• [Problem statement]: Your answer must be an exact copy of the data below, minus any pictures.

*** Opening of The input ***

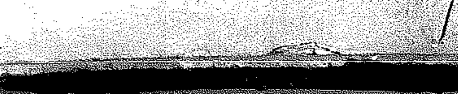
Nave da battaglia germanica vista dal cassero di un incrociatore tedesco
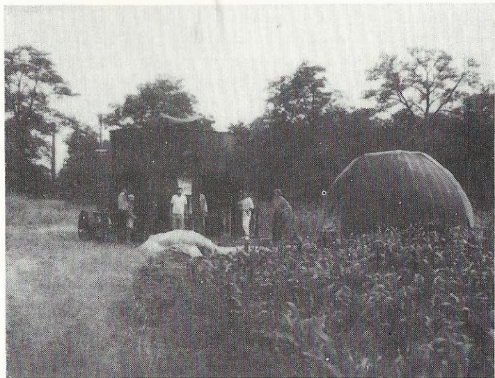
Az épülő tápiószelei csillagvizsgáló (öt éves a TCSBK c. cikkünkhöz)
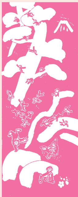
(4) 2016申 小豆色
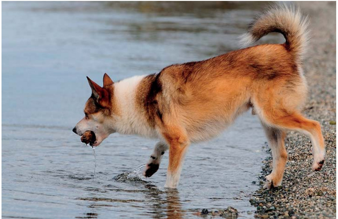
Den norske lundehund.
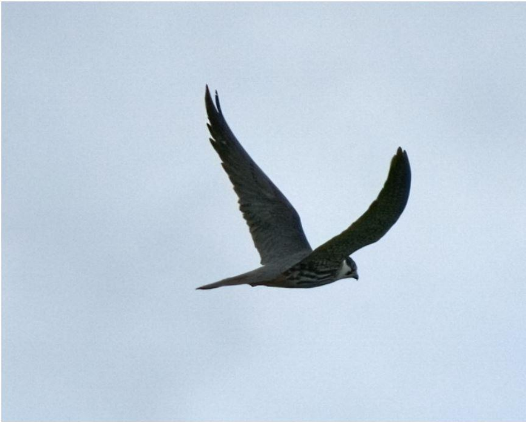
Lærkefalk Slivso, Hoptrup 08/08/2021.

Kystens terner har også haft en god ynglesæson. Der har ikke været kraftige sommerlavtryk, som har medført kuling med oversvømmelse af æg og unger. En anden vigtig årsag til ynglesuccesen er den beskyttelse, der desværre er nødvendig at give strandenes ynglefugle fugle:
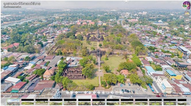
ปราสาทหินพิมายท่ามกลางชุมชน

หัวข้อข่าว: เทียวทิพย์มุมมองใหม่ ชมโบราณสถานมูสูงงามแปลกตา

*** Close of The input ***

• [Exercise answer]:
Nave da battaglia germanica vista dal cassero di un incrociatore tedesco
Az épülő tápiószelei csillagvizsgáló (öt éves a TCSBK c. cikkünkhöz)
(4) 2016申 小豆色
Den norske lundehund.
Lærkefalk Slivso, Hoptrup 08/08/2021.

Kystens terner har også haft en god ynglesæson. Der har ikke været kraftige sommerlavtryk, som har medført kuling med oversvømmelse af æg og unger. En anden vigtig årsag til ynglesuccesen er den beskyttelse, der desværre er nødvendig at give strandenes ynglefugle fugle:
ปราสาทหินพิมายท่ามกลางชุมชน

หัวข้อข่าว: เทียวทิพย์มุมมองใหม่ ชมโบราณสถานมูสูงงามแปลกตา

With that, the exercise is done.